Кому-то могла показаться странной компанию, которую составил английский посол Джордж Бьюкенен лидеру октябристов Гучкову. Ну что, казалось, могли обсуждать английский лорд, потомок лидеров "партии короля", ещё в январе чуть ли не слёзно умолявший Николая II принять какие-либо меры для борьбы с ожидаемой со дня на день революции, настоятельно предлагающий (или даже требующий) либеральных реформ — и думский деятель накануне открытия очередной сессии Государственной Думы. А обсуждали они много чего интересного.
В сторону отставлены были бокалы с "Вдовой Клико", вазочка с печеньем и сладостями. Ужинать желания не осталось — требовалось поговорить о предстоящих и совершённых делах.
— Боюсь, этот Керенский до сих пор не отказался от вздорной идеи поднять рабочих на демонстрацию? — начал вкрадчиво лорд, прищурив глаза.
— Нет, на наши уверения в преждевременности этого шага Александр Фёдорович кричит направо и налево о том, что либералы не желают принять руку помощи трудовых масс. Керенский стоит на своём, он совершенно не хочет ничего и никого слышать, кроме идей левых о начале революции, — вздохнул Александр Иванович. Ему в голову отчего-то пришло воспоминание об англо-бурской войне. Знал ли он тогда, что вот так запросто будет разговаривать с послом короля, чьи солдаты взяли его, уволенного с КВЖД за дуэль молодого офицера, вместе с несколькими сотнями буров? И не только разговаривать, но и практически сотрудничать. Или, скорее, подчиняться. Деньги всё-таки (Александр Иванович лукаво улыбнулся) на дороге не валяются.
— И никак нельзя на него воздействовать через Ваших общих друзей? — Бьюкенен не стал упоминать масонов в разговоре, Гучков этого не любил. Всё-таки Военная ложа была не самой миролюбивой и открытой среди прочих. ВО многом из-за этого Александр Иванович скрывал свои связи с лидером думских трудовиков Керенским.
Сам Бьюкенен также был знаком с Александром Фёдоровичем, их даже вполне могли посчитать друзьями, лорду импонировала фигура Керенского, привлекала его возможность завладеть вниманием толпы, привлечь на свою сторону массы — и одновременно отталкивало желание бывшего присяжного поверенного быть вперед всех, руководить, возвышаться. Что-то в нём было от Оливера Кромвеля, может быть, желание завуалировать свои политические амбиции заверениями в стремлении обеспечить интерес народа. Однако…однако даже иностранец понимал, что все эти обещания — вздор. Английский посол был прекрасно осведомлён о том, что Керенский в числе прочих социалистов поддержал состав "правительства доверия". Практически полностью "буржуазного". Такое могло произойти только в России. Во многом именно этому начинанию и был посвящён разговор Гучкова и английского лорда в тот вечер.

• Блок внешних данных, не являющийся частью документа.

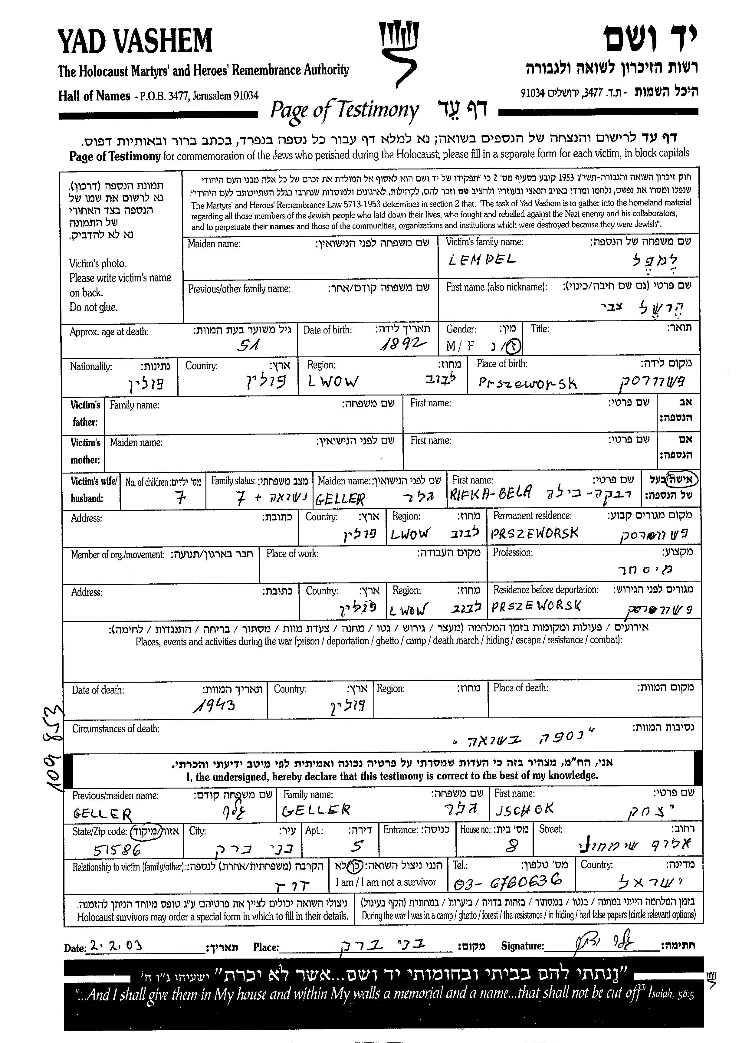 Hershel Tzvi Lampel wurde im Jahr 1892 in Przeworsk, Polen geboren. Er war Kaufmann/-frau und mit Rifka Bila, geb. Geller Verheiratet. Vor dem Zweiten Weltkrieg lebte er in Przeworsk, Polen. Während des Krieges war er in Przeworsk, Polen.

— Министр подтвердил, что Его Величество желает видеть Российскую империю конституционной монархией, поддерживающей знамя борьбы Согласия с Центральными державами до полной победы. Король и министры сомневаются, что этого можно добиться, если всё пойдёт тем же чередом. Все эти слухи о сепаратном мире, укрепляющийся с каждым днём отсталый режим, плетущийся в хвосте прогресса. Надеюсь, Вы понимаете, что намеченная операция должна произойти в конце сего месяца? Вам достаточно средств, предоставленных казначейством Его Величества?
— Думаю, что новых вложений не помешало бы. Видите ли…С недавних пор в наших глазах человеком, достойным стать одним из исполнителей нашей цели, теперь может быть не только Великий князь Николай Николаевич. В лице широких масс населения он всё-таки довольно далёк от будущего исполнителя. Да и известность его померкла по сравнению с прошлым временем. Глухой Кавказский фронт не располагает к такому же влиянию на общественное мнение, как тот же Таврический сад…
— Вы имеете в виду Кирилла? За ним нет авторитета в армии, насколько я знаю, — Бьюкенен сдержал удивления от новости. Что ж, к этому всё шло: и встречи контр-адмирала с думскими лидерами и деятелями Государственного Совета. Теперь в лице общественности Кирилл Владимирович мог оказаться и страдальцем за дело победы над "тёмными силами" и погрязшим во лжи и грязи режиме. Чего стоило только то, что он закрыл грудью Львова, этого "столпа демократии и народоправства". И, к тому же, одного из лидеров законспирированного комитета по подготовке к перевороту.
— Милорд, за нынешним режимом нет и столько зла, как пишут газеты, — заметил Гучков. Всё-таки сам Бьюкенен не должен был забывать, как мастерски оппозиция сумела направить слово репортёров против власти. Замалчивание побед — и раздувание неудач, простейшее решение, и оттого невероятно эффективное. Гучков, правда, морщился от одной мысли о газетёнке, финансировавшейся немцами. Та была уж слишком неудобна в создавшейся обстановке. — К тому же Кирилл будет целиком и полностью под контролем правительства и Согласия. Без авторитета он будет надеяться только на нас с вами да ещё верных делу свободы офицеров.
— В этом что-то есть. Однако Вы не боитесь, что кандидатура Кирилла вызовет народные волнения? Не нужны никакие демонстрации и массовые волнения. Только — переворот сверху, помните об этом, мы же столько внимания уделили этому вопросу.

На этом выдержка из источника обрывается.